こうすればやってみたいことに強制力が働くので、気分がのらないときでもレッスンを続けられるし、海外ドラマが好奇心や意欲を刺激してくれるので、義務感だけで勉強が嫌になるのも避けることができます。
 

教材を乗り換えるのも有効

ちなみに私が意識的にやっているのは、新しい教材を買うという方法です。

同じ教材を使ってしばらく勉強していると、途中でやる気が出なくなったり飽きてしまったりすることがあると思います。こうなってしまうと、英語の学習を続けるのが苦痛になってしまいますよね。

こんなときは思い切って教材を乗り換えるのも手です。同じ目的で作られている教材は、この時代いくらでもあるので、英語を勉強したいと思える本に出合うのは、そう難しくありません。

例えば、文法の基礎を固めるという目的でつくられているネットで探してみてください。

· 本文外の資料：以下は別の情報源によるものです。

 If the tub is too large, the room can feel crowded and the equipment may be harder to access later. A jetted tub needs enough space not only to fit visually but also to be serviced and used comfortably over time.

色んなタイプの本が何冊も見つかるはずです。
 

そもそも、同じ教材を続けるのが難しくなる背景には様々な要因があります。

  • 自分のレベルに合ってない
  • 最初は面白かったけど、内容が同じことの繰り返しで飽きてきた
  • 勉強の目的が変わったので、内容がそぐわなくなってきた
  • 解説が分かりにくいので難しく感じる

何でもかんでも中途半端に投げ出すのは考えものですが、自分の置かれている状況や英語レベル、モチベーションが変化したのであれば、教材を変えるのはむしろ自然なことだといえます。

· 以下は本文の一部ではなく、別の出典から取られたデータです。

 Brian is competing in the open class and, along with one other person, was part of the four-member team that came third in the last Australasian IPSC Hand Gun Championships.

誰だってずっと同じペースやモチベーションで勉強を続けられるわけではないので、教材が進まなくなったのを機会に学習内容を見直してみるのはとても有効です。
 

英語の学習は長期にわたって続くことですので、常に工夫をしながら道中楽しみたいものです。

オリンピック選手のインタビューやドキュメンタリーを見ていても、ハードな練習をいかに楽しむかというテーマは繰り返し登場していました。

興味とやる気が持続するように、学習内容を常にブラッシュアップしていきましょう。